European Parliament approves red lines for Brexit negotiations

Brexit champion Nigel Farage compares EU to ‘Mafia’ during debate on start of divorce negotiations

The last kiss goodbye: MEP Nigel Farage (left) and Jean-Claude Juncker crossed swords again in a debate on the start of Brexit negotiations
The last kiss goodbye: MEP Nigel Farage (left) and Jean-Claude Juncker crossed swords again in a debate on the start of Brexit negotiations

The European Parliament backed a motion setting out its position for the Brexit negotiations by 516 votes to 133.

MEPs will not participate directly in the exit talks, but they will have to vote in favour of the final deal for it to go ahead.

The motion for debate was supported by the two largest groups of MEPs, and calls for a “phased approach” to negotiations.

It also backs the call for transparency in the talks, and for the UK to be considered liable for financial commitments that apply after it leaves the EU.

Other principles include: Transitional arrangements should be time-limited to three years and be enforced by the EU’s Court of Justice; UK citizens in the EU and EU citizens in Britain should receive “reciprocal” treatment; the final deal should not include a “trade-off” between trade and security co-operation; the UK should adhere to EU environmental and anti-tax evasion standards to get close trade ties; the European Banking Authority and European Medicines Agency should be moved out of London’ and the UK should pay towards costs for the EU that “arise directly from its withdrawal”.

The European Parliament’s debate on negotiations for the United Kingdom’s exit from the European Union were described as a “delicate process” by the EP president Antonio Tajani.

MEPs backed European Commission president Jean-Claude Juncker’s call for divorce proceedings to be first agreed on, which would later follow trade deals. “I say this to Mr Farage,” he told UKIP leader and MEP Nigel Farage, “It is the UK that is leaving the EU and not vice versa.”

The UKIP leader said the 29 March was a historic day for the British, referring to the triggering of Article 50 for the formal exit of the UK from the Union. “The UK did not join the EU but the EEC, and had they known that the situation would have gotten political, they would have done otherwise,” Farage said, accusing the EU of making demands impossible to comply with, and even comparing to the ‘Mafia’.

It was a comment immediately turned down by Tajani, who said such strong use of language was unacceptable. Instead Farage claimed the €52 billion cost for Brexit had been “plucked out of thin air”.

Malta’s parliamentary secretary for EU funds, Ian Borg, told MEPs the best interest of EU citizens would be kept in mind during Brexit negotiations, and that member states would present a unified message. “The EU believes it should work with sincere cooperation until the UK leaves the EU, since the EU has a further positive agenda to discuss and resolve.”

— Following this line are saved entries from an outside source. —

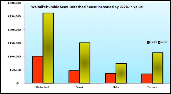 In 1997 the average value of a Walsall semi stood at £46,300, today it stands at £151,500
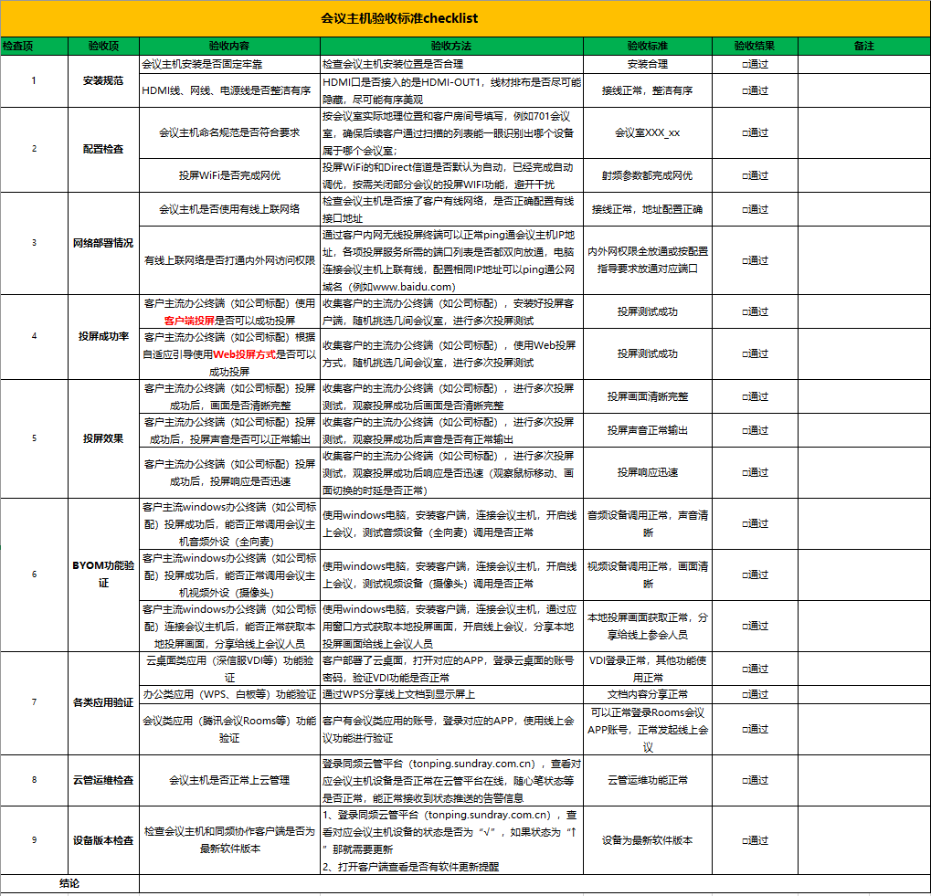 完成上述会议主机交付动作之后,可以根据以下表格的checklist项进行一一核对,确认设备功能交付是否完备,项目是否具备验收条件:
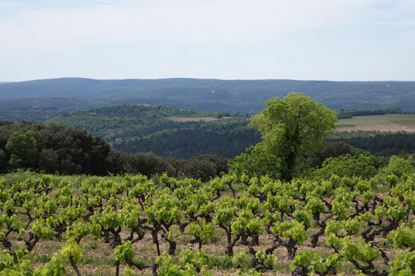 Au col de la Forestière, débute la plaisante descente vers Labastide de Virac et Vallon Pont d’Arc.
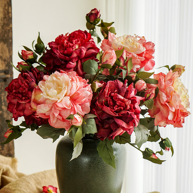 In the wild French coke edge peony flower simulation bouquet living room table decoration fake flower decoration flower arrangement fake flower decoration

Borg, representing the Presidency of the Council of the European Union, informed the plenary on the preparations and the process that the Council will be undertaking for an orderly withdrawal of the UK. He said formal negotiations will be initiated towards the end of the Maltese Presidency and that Malta remains committed to continue working on the EU’s positive agenda and on other legislative files. He called for a constructive approach while the EU enters these unchartered territories.

Commission president Juncker said the UK’s exit from the EU would lead to the birth of a new bloc of 27 “already up and running and functioning [and] continue to build the European project with renewed energy. We need to work together with our civil societies.”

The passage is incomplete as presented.